October 9, 2025 | by omfalos

#57 - Behind The Cloud: Fundamentals in Quant Investing (1/12)

Anything Can Happen – Why Backtests Always Look Amazing (Until They Don’t)

October 2025

𝗙𝘂𝗻𝗱𝗮𝗺𝗲𝗻𝘁𝗮𝗹𝘀 𝗼𝗳 𝗤𝘂𝗮𝗻𝘁𝗶𝘁𝗮𝘁𝗶𝘃𝗲 𝗜𝗻𝘃𝗲𝘀𝘁𝗺𝗲𝗻𝘁𝘀

In this series, the Omphalos AI Research Team want to discuss the key and fundamental aspects of quantitative investing in detail and depth. In particular, our series will not be a beautiful story of how to build the holy grail of investing, but rather a long list of pitfalls that can be encountered when building such systems. It will not be a complete and exhaustive list of pitfalls, but we will try to describe those we discuss in great depth so that their significance is clear to everyone. And importantly, this will not be a purely theoretical discussion. We will provide a practical view on all of these aspects — shaped by real-world lessons and, in many cases, by our own painful and sometimes even traumatic experiences in building and testing systematic investment strategies. These hard-earned lessons are precisely why Omphalos Fund has been designed as a resilient, modular, and diversified platform — built to avoid the traps that have undone so many before.

At Omphalos Fund, we have always been clear about one thing: artificial intelligence is not magic. It is a powerful tool, but its value depends entirely on the system it operates in and the rules that guide it. When applied to asset management, this means that even the most advanced AI can only be effective if it is built on a deep understanding of how markets work — with all their complexities, inefficiencies, and risks.

That is why our latest Behind the Cloud white paper takes a step back from the technology itself. Instead, it examines the foundations of quantitative investing — the real-world mechanics, pitfalls, and paradoxes that shape investment strategies. The aim is not to present a flawless “holy grail” of investing, but to show the challenges and traps that every systematic investor must navigate.

We believe this is essential for anyone working with AI in finance. Without appreciating the underlying business of investing, AI models risk becoming black boxes that look impressive in theory but fail in practice. By shedding light on the subtle but critical issues in quantitative investment design — from overfitting to diversification, from the illusion of normal distributions to the reality of risk of ruin — we provide context for why our platform is built the way it is: modular, transparent, and resilient.

The goal of this white paper is simple:
To help readers understand that using AI in asset management is not only about smarter algorithms — it’s about building systems that are grounded in strong investment fundamentals and designed to survive the real world of markets.

Chapter 1 Anything Can Happen – Why Backtests Always Look Amazing (Until They Don’t)

Quantitative investing often begins with a chart. A clean line moving steadily upward, showing what would have happened if only the strategy had been traded in the past. These simulated histories — backtests — are the first step for any systematic investor. They are meant to answer a simple question: does this idea work?

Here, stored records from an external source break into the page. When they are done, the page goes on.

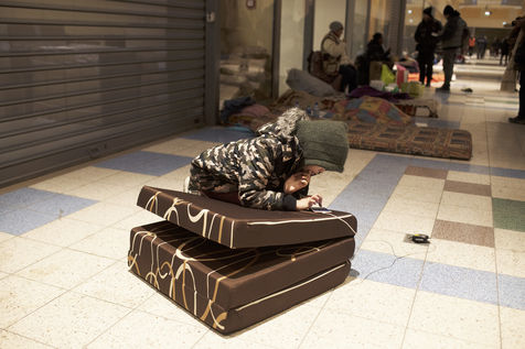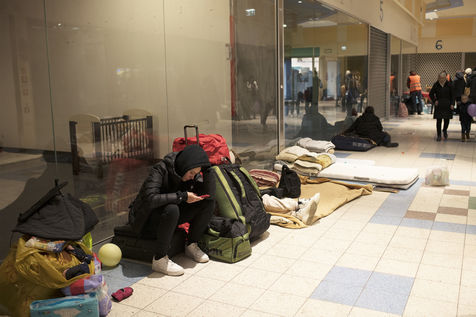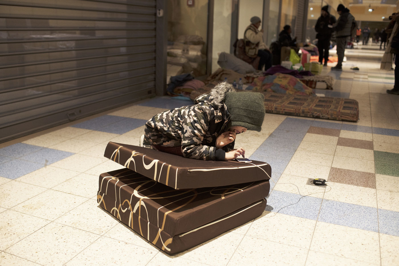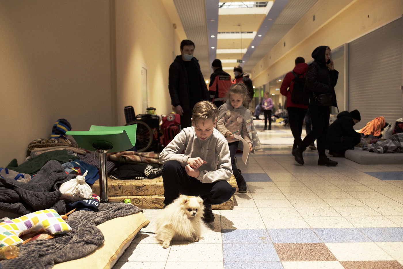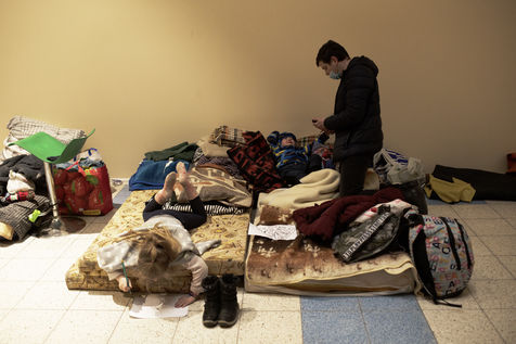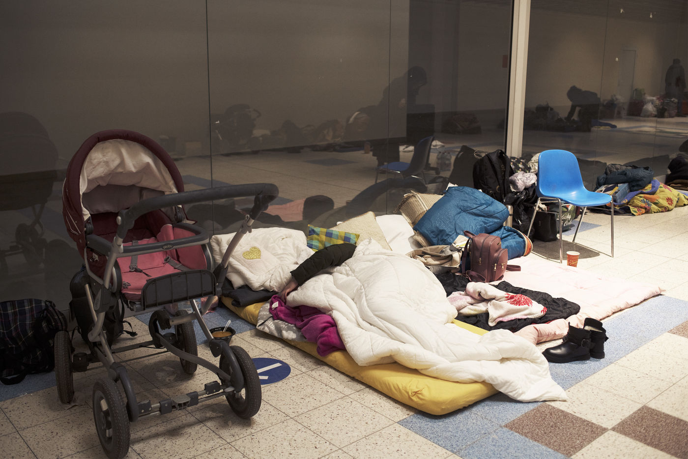 Ukrainian refugees wait for transport to leave Przemysl shortly after crossing the border between Ukraine and Poland. A shopping centre serves as a back-up accommodation for those who have to wait for sometimes several days. March 2, 2022, in Przemysl, Poland.
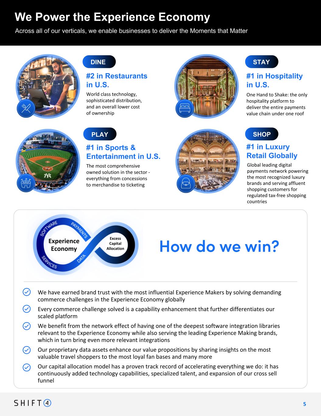 5 5 #2 in Restaurants (Menchie's) World class technology, sophisticated distribution, and an overall lower cost of ownership #1 in Hotels (Alterra) One Hand to Shake: the only hospitality platform to deliver the entire payments value chain under one roof #1 in Sports & Entertainment (Yankees) The most comprehensive owned solution in the sector - everything from concessions to merchandise Growing opportunity in Unified Commerce We are ready to grow beyond our leading verticals across the globe, and are better positioned than ever after our acquisition of Global Blue Tag line for the bottom: "We are uniquely advantaged by our category-leading products, our extensive library of software integrations, and our now $1 trillion + cross sell payments funnel. We have both a proven formula and the firepower to keep running our Shift4 Playbook all around the world for years into the future" Our growth is supported by an over $1 trillion payments cross-sell funnel, and an extensive library of software integrations #2 in Restaurants in U.S. #1 in Hospitality in U.S. #1 in Sports & Entertainment in U.S. #1 in Luxury Retail Globally World class technology, sophisticated distribution, and an overall lower cost of ownership One Hand to Shake: the only hospitality platform to deliver the entire payments value chain under one roof The most comprehensive owned solution in the sector - everything from concessions to merchandise to ticketing Global leading digital payments network powering the most recognized luxury brands and serving affluent shopping customers for regulated tax-free shopping countries Update / Adjust intro page? Loop Graphic Building and Buying Capabilities → Enhancing our Right to Win in Adjacent Verticals → Building Trust with Experience Makers with Each Success → Excess Capital Allocation in Turn Accelerates and Reinforces our Leadership We Power the Experience Economy Across all of our verticals, we enable businesses to deliver the Moments that Matter Building and Buying Capabilities Enhancing our Right to Win Across the Experience Economy Building Trust with Experience Makers with Each Success Excess Capital Allocation in Turn Accelerates and Reinforces our Leadership switch this with top half - add separation subheaders We have earned brand trust with the most influential Experience Makers by solving demanding commerce challenges in the Experience Economy globally Every commerce challenge solved is a capability enhancement that further differentiates our scaled platform We benefit from the network effect of having one of the deepest software integration libraries relevant to the Experience Economy while also serving the leading Experience Making brands, which in turn bring even more relevant integrations Our proprietary data assets enhance our value propositions by sharing insights on the most valuable travel shoppers to the most loyal fan bases and many more Our capital allocation model has a proven track record of accelerating everything we do: it has continuously added technology capabilities, specialized talent, and expansion of our cross sell funnel DINE STAY PLAY SHOP Excess Capital Allocation Experience Economy
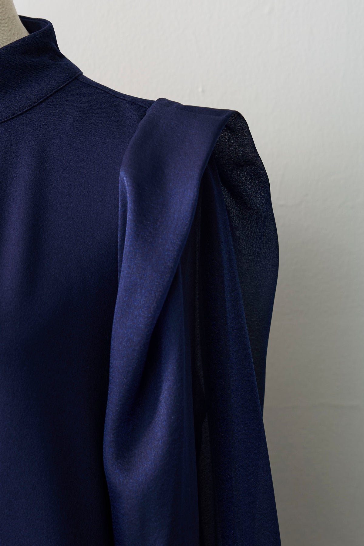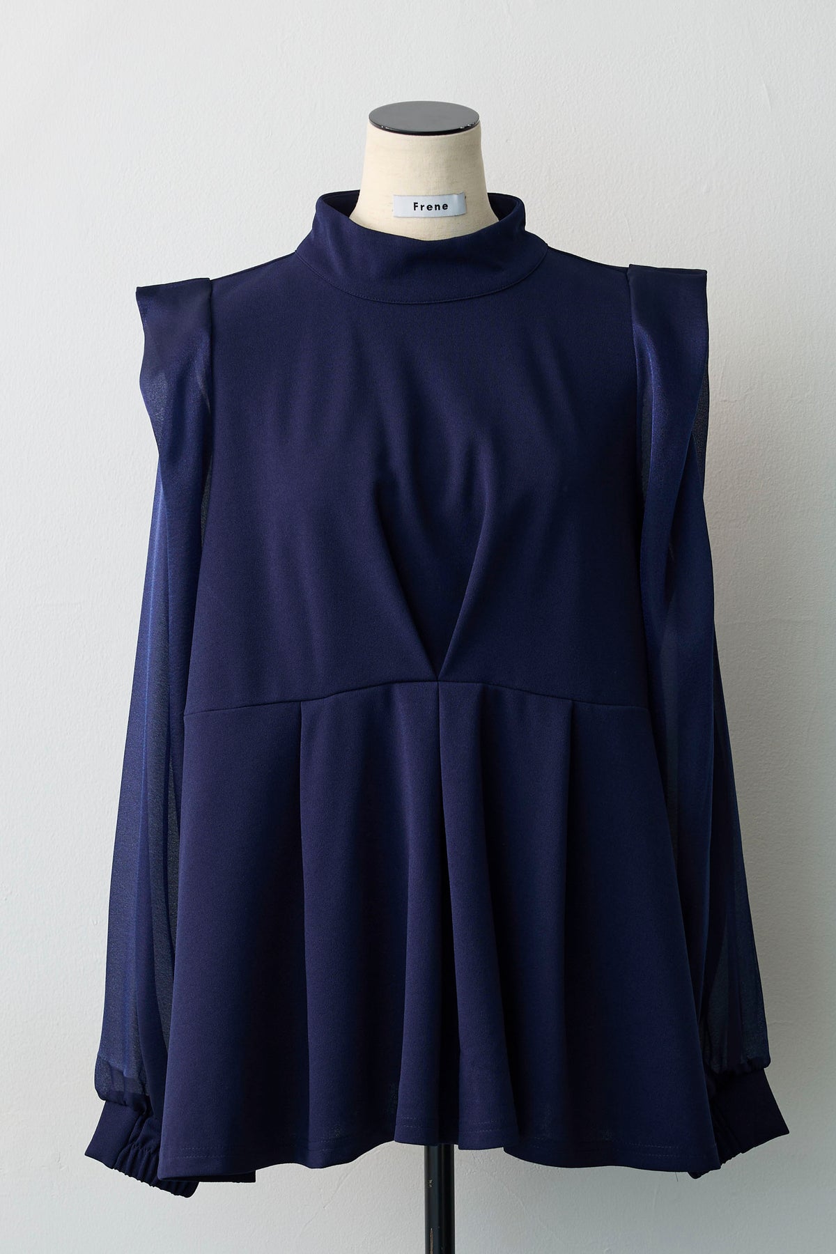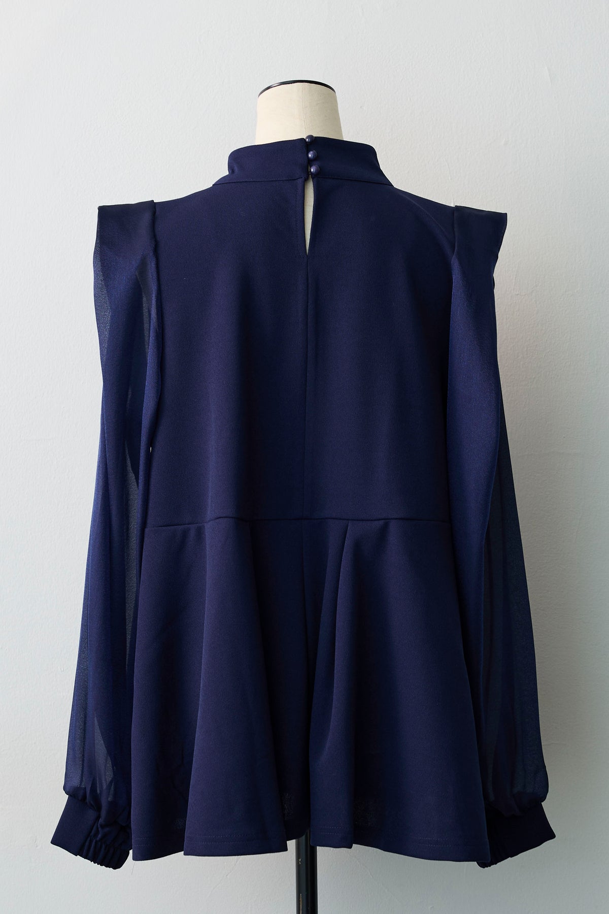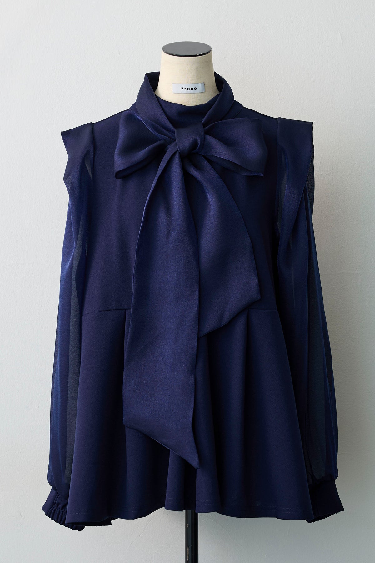 シアーな袖と身頃の異素材ドッキングが、奥行きのある表情を作るブラウス。 顔周りを飾るボリューミーなリボンは、前後どちらでも結べるだけでなく、取り外せばシャープなスタンドネックとしても楽しめるマルチウェイ仕様。 存在感のあるリボンが顔周りを一気に華やかに彩り、アクセサリーいらずで写真映えも抜群。 ウエストにタックを施したペプラムシルエットが、ふわりと腰回りをカバーし、メリハリのあるスタイルを叶えます。
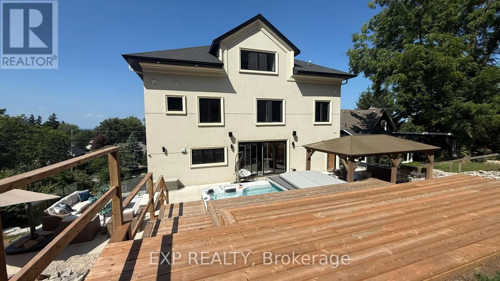 Cross Streets: Main St W & Kerman Ave. ** Directions: https://share.google/kT3cogNfBrSaQs86D. Luxury Escarpment Living with Lake Views Modern Architecture, Elevator & Swimming Spa. Welcome to this stunning custom-built home nestled on the Grimsby Escarpment, just steps from downtown. With breathtaking lake and ravine views from every level, this modern multi-level home features floor-to-ceiling windows, a private elevator, and an open-concept layout filled with natural light.The gourmet kitchen boasts quartz countertops and a large island, perfect for entertaining. All bedrooms feature private ensuites, and the primary suite offers a walkout to a lakeview balcony. Enjoy peaceful mornings in your private backyard backing onto nature.Truly one of a kindluxury, design, and location all in one. (id:27476)
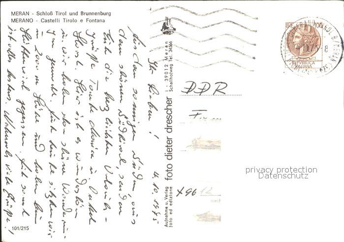 old postcard Meran Merano Schloss Tirol und Brunnenburg Alpenpanorama postalisch gelaufen Erhaltung siehe scans

But here lies the first trap: almost every backtest looks like it works. And the reasons why they look so good reveal one of the biggest pitfalls in quantitative finance.

Not all backtests are created equal. The most common — and most misleading — are those built on the optimization period. Here the parameters of a strategy are tuned directly on the same data being evaluated, ensuring that the model fits history almost perfectly. The result is not insight, but illusion: a curve designed to look flawless because it was sculpted to the past. In this sense, the optimization-period backtest is not a test at all — it is a lie.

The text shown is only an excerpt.